- Dott. Lorenzo Esposito
- 31 mar 2017
- Tempo di lettura: 3 min
Con la proroga al 21 aprile prossimo i contribuenti hanno quindi un maggiore termine per poter presentare l’istanza di rottamazione di cui abbiamo lungamente parlato in precedenza.
Ma cosa succede dopo? Nell’ipotesi migliore Equitalia, entro il 15 giugno (e non più il 31 maggio) prossimo vi comunicherà l’importo da pagare in unica soluzione entro il 31 luglio 2017, oppure gli importi delle singole rate con scadenze 31 luglio, 30 settembre, 30 novembre 2017, 30 aprile e 30 settembre 2018.

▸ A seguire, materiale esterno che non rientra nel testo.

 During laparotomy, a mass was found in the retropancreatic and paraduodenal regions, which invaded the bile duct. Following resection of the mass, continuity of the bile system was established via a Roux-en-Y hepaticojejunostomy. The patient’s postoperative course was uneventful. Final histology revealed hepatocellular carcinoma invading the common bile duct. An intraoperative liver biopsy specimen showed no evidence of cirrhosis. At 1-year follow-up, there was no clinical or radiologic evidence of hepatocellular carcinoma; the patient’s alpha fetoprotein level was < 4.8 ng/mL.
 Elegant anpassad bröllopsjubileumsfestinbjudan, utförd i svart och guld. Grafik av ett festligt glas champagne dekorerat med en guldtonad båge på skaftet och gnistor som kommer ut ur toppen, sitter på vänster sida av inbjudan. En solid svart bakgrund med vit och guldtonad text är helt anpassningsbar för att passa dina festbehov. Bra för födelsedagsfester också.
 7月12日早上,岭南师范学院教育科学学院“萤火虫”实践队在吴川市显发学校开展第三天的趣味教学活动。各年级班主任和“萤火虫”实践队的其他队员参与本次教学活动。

ACCOGLIMENTO. A questo punto le possibilità sono solo 2:
INTEGRALE DEL DEBITO: in tal caso la definizione si perfeziona ed avrete risparmiato dei bei soldini (pochi o tanti a seconda del tipo di tributo ecc…per approfondire clicca qui)
NON INTEGRALE: la definizione non si perfeziona e si decade da ogni beneficio. Gli importi eventualmente versati andranno a ridurre quanto dovuto per tributi, sanzioni e interessi senza alcuno sconto.

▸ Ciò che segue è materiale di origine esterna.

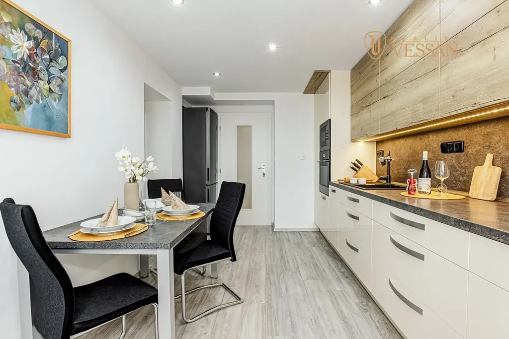 Byt prošel kompletní rekonstrukcí a je připraven k okamžitému nastěhování – bez nutnosti dalších investic. Je částečně zařízený: kuchyňská linka včetně spotřebičů a vestavěné skříně.

NON ACCOGLIMENTO. Le ipotesi sono due. O Equitalia vi scrive dicendovi per quale motivo l’istanza non viene accolta, RIFIUTO ESPRESSO. Oppure non vi viene comunicato nulla e l’istanza si intende non accolta, DINIGO TACITO. ATTENZIONE, SE NON VI ARRIVA NULLA ENTRO IL 15 GIUGNO COMINCIATE A PREOCCUPARVI, INVECE DI PENSARE AL MARE!!!
A seconda delle modalità di non accoglimento, sono previste, come al solito due forme di tutela.

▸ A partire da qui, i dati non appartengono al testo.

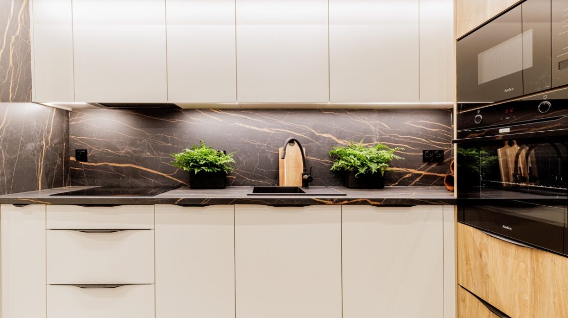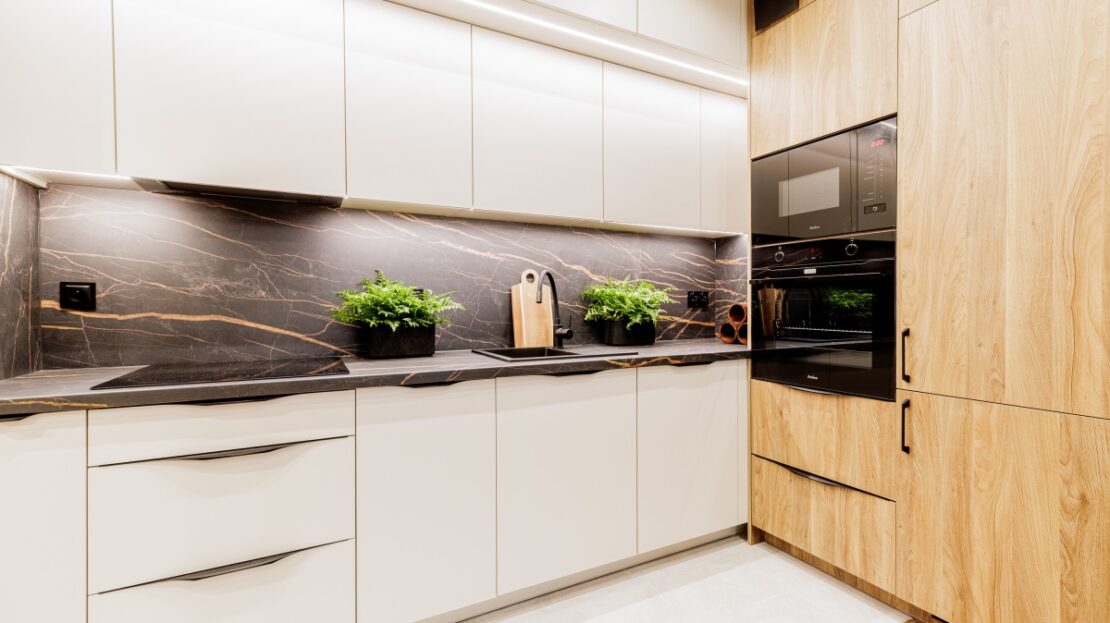 W cenie nowe AGD: płyta indukcyjna, piekarnik oraz mikrofalówka w zabudowie.

RICORSO CONTRO IL RIFIUTO: avverso la comunicazione, entro 60 giorni dal ricevimento della stessa, presso la Commissione Tributaria Provinciale, se si tratta di tributi. Per i contributi INPS e l’INAIL è competente il Tribunale con termini differenti e più stretti.
RICORSO CONTRO IL DINIEGO TACITO. In tal caso il ricorso va proposto entro 60 giorni dalla data in cui scade il termine per la risposta che Equitalia non vi ha dato (15 giugno). Pertanto il ricorso va proposto entro il 14 settembre (stante la sospensione feriale dei termini dal 1° al 31 agosto), sempre nel caso si tratti di tributi.
CAUSE DI NON ACCOGLIMENTO. Le cause che potrebbero farvi negare l’accesso alla rottamazione, avverso cui è possibile proporre ricorso, sono principalmente tre.
La prima è il mancato pagamento delle rate in scadenza fra il 1° ottobre e il 31 dicembre 2016, che sono una condizione essenziale prevista dalla legge. Equitalia si è espressa dicendo che vanno pagate tutte le rate fino al 31 dicembre 2016, mentre alcuni commentatori hanno ipotizzato che non fosse necessario aver pagato tutte le rate ante ottobre 2016, sempre nei limiti delle 8 che fanno saltare la rateazione.
Il secondo punto controverso che potrà generare contenzioso è relativo ai carichi di ruolo che emessi dall’Agenzia nel 2016, sono stati trasmessi ad Equitalia dopo il 15 dicembre 2016. Secondo Equitalia non è possibile definire i ruoli trasmessi dal 16 al 31 dicembre, perché la legge li considera consegnati al debitore il 10 gennaio 2017. L’Agenzia delle Entrate è di manica più larga ed interpreta la legge in senso rigido, considerando definibili tutti i ruoli trasmessi entro il 31 dicembre 2016.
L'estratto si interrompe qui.